Problem: With the line containing "Ghaffaruddin Mewati Jogi" as the start and the line containing "This Air Force" as the end, transcribe that span of the entries below exactly, including both.

Data in this exercise:
Segment Open

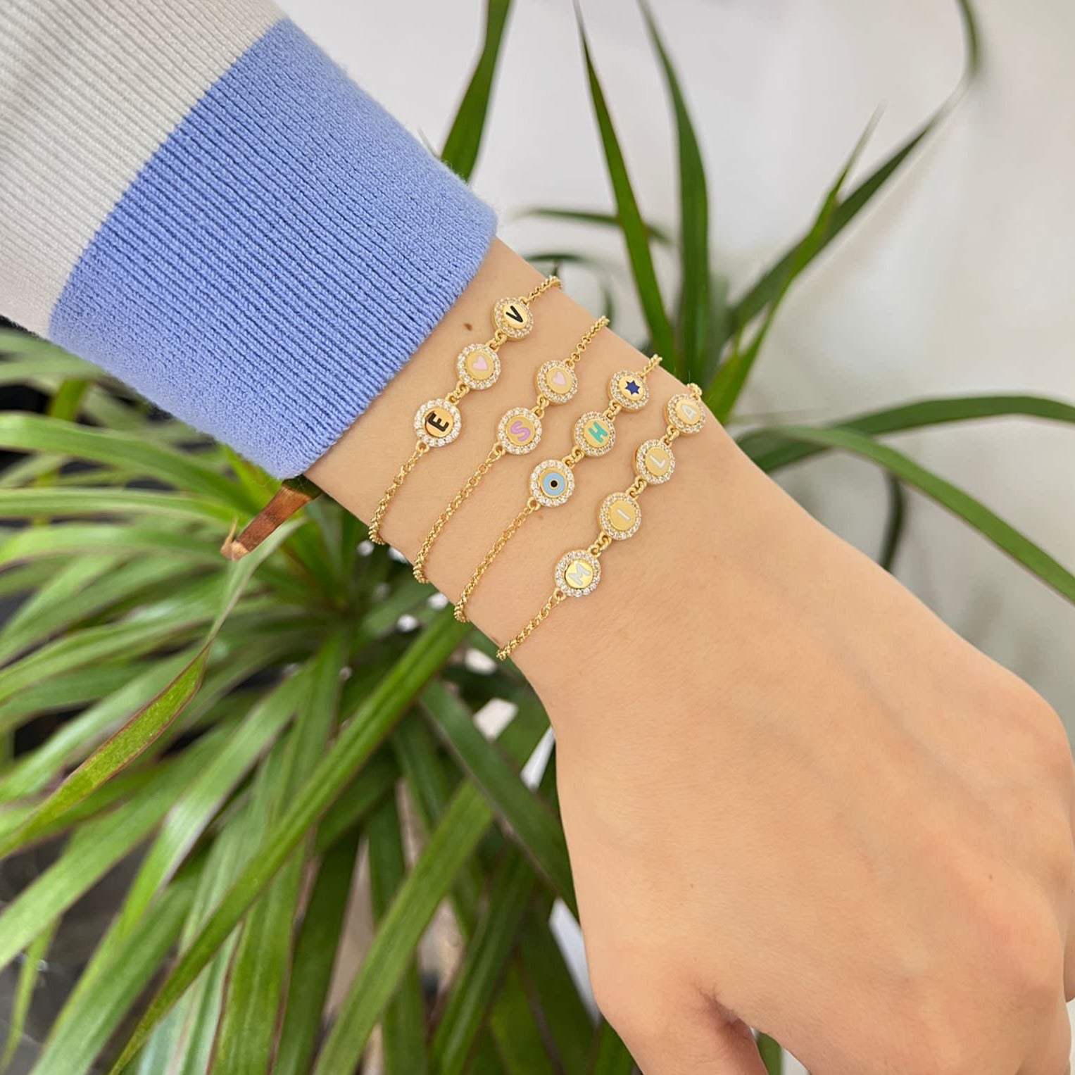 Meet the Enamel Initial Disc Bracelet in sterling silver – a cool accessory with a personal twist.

Segment Closed
Segment Open

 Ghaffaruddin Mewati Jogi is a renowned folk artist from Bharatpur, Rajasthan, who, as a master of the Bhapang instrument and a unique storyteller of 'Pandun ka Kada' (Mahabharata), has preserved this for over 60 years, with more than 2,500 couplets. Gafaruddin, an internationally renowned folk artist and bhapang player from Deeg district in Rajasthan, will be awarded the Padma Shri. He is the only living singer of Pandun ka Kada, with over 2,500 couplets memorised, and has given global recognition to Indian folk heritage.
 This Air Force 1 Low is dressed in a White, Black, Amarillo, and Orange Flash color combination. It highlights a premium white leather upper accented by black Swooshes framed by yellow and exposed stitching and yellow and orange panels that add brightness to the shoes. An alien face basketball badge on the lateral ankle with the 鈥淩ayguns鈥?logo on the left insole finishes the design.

Segment Closed

Answer section:
 Ghaffaruddin Mewati Jogi is a renowned folk artist from Bharatpur, Rajasthan, who, as a master of the Bhapang instrument and a unique storyteller of 'Pandun ka Kada' (Mahabharata), has preserved this for over 60 years, with more than 2,500 couplets. Gafaruddin, an internationally renowned folk artist and bhapang player from Deeg district in Rajasthan, will be awarded the Padma Shri. He is the only living singer of Pandun ka Kada, with over 2,500 couplets memorised, and has given global recognition to Indian folk heritage.
 This Air Force 1 Low is dressed in a White, Black, Amarillo, and Orange Flash color combination. It highlights a premium white leather upper accented by black Swooshes framed by yellow and exposed stitching and yellow and orange panels that add brightness to the shoes. An alien face basketball badge on the lateral ankle with the 鈥淩ayguns鈥?logo on the left insole finishes the design.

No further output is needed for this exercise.